Amycretin works by targeting two receptors in the body: GLP-1 and the amylin receptor. These receptors play key roles in controlling blood sugar and appetite, helping patients feel fuller and reducing calorie intake. The drug’s dual action appears to enhance its effectiveness compared to medications that target only one receptor.
The trials, which were published in The Lancet and presented at the American Diabetes Association’s Scientific Sessions in Chicago, also reported some side effects. Participants experienced nausea and vomiting, which were mostly mild to moderate and typically resolved by the end of the treatment period. This safety profile is encouraging, but researchers emphasize that longer and larger studies are needed to fully understand amycretin’s safety and efficacy, especially for people living with obesity and type 2 diabetes.
In addition to amycretin, the same conference featured new data on higher doses of Wegovy (semaglutide). Researchers found that administering 7.2mg of Wegovy once a week led to an average weight loss of 20.7 percent over 72 weeks, with a third of participants losing 25 percent or more of their body weight. Sebnem Avsar Tuna, general manager of Novo Nordisk UK, commented, “This trial demonstrated that a higher dose of semaglutide — 7.2 mg — achieved greater weight loss than previously seen, with a comparable safety and tolerability profile to the 2.4 mg once-weekly dose of semaglutide.”
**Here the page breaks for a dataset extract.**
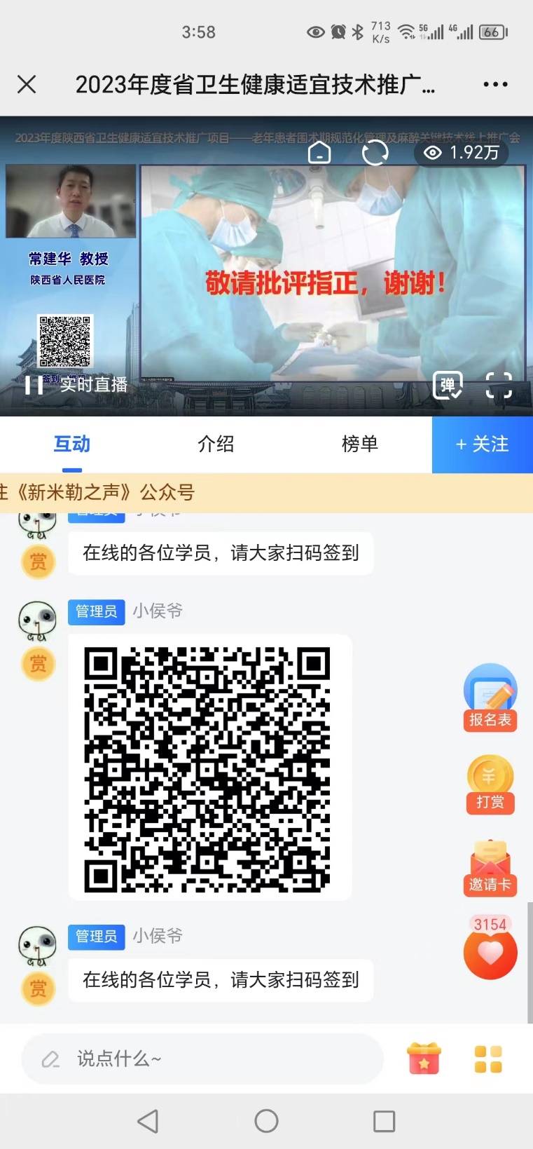 11月18日,由陕西省卫健委主办、五楼自拍 麻醉科承办的”老年患者围术期规范化管理及麻醉关键技术”线上推广会成功举行,本次会议通过米勒之声麻醉平台在线直播,1.92万人次在线观看。

She further emphasized the importance of these developments, stating, “Obesity is a chronic disease and with these results semaglutide reaffirms its weight-loss potential for people living with obesity, alongside previous results showing the health benefits that go beyond weight loss. As leaders in obesity treatment, we are committed to developing treatments that fit the needs of people living with obesity.”
The potential of amycretin to offer a highly effective weight-loss option in both injection and tablet forms could revolutionize obesity treatment. The tablet form, in particular, might accelerate the rollout of weight-loss medication within the NHS by reducing the logistical challenges and workload associated with administering injections.
However, it’s important to note that these are early-stage trials. Before amycretin can become widely available in the UK, it must undergo several more clinical trials to confirm its safety and effectiveness. Regulatory approval is not guaranteed, and the process could take several years.
Still, the results so far are promising. Losing nearly a quarter of body weight in less than a year is a significant achievement, especially considering the global obesity crisis and its associated health risks, including diabetes, heart disease, and certain cancers. Amycretin’s ability to improve metabolic parameters alongside weight loss could offer a dual benefit for patients.
As the medical community awaits further research, the excitement surrounding amycretin reflects a broader shift in obesity treatment. For decades, effective pharmacological options were limited, and many patients struggled to achieve lasting weight loss. Now, with drugs like amycretin and higher-dose semaglutide demonstrating substantial and sustained weight reductions, the landscape is changing.
Ultimately, these advances could improve quality of life for millions, reduce the burden on healthcare systems, and reshape how obesity is managed worldwide. For now, patients and clinicians alike watch eagerly as amycretin moves through the next stages of clinical evaluation, hopeful that this new medication will deliver on its early promise.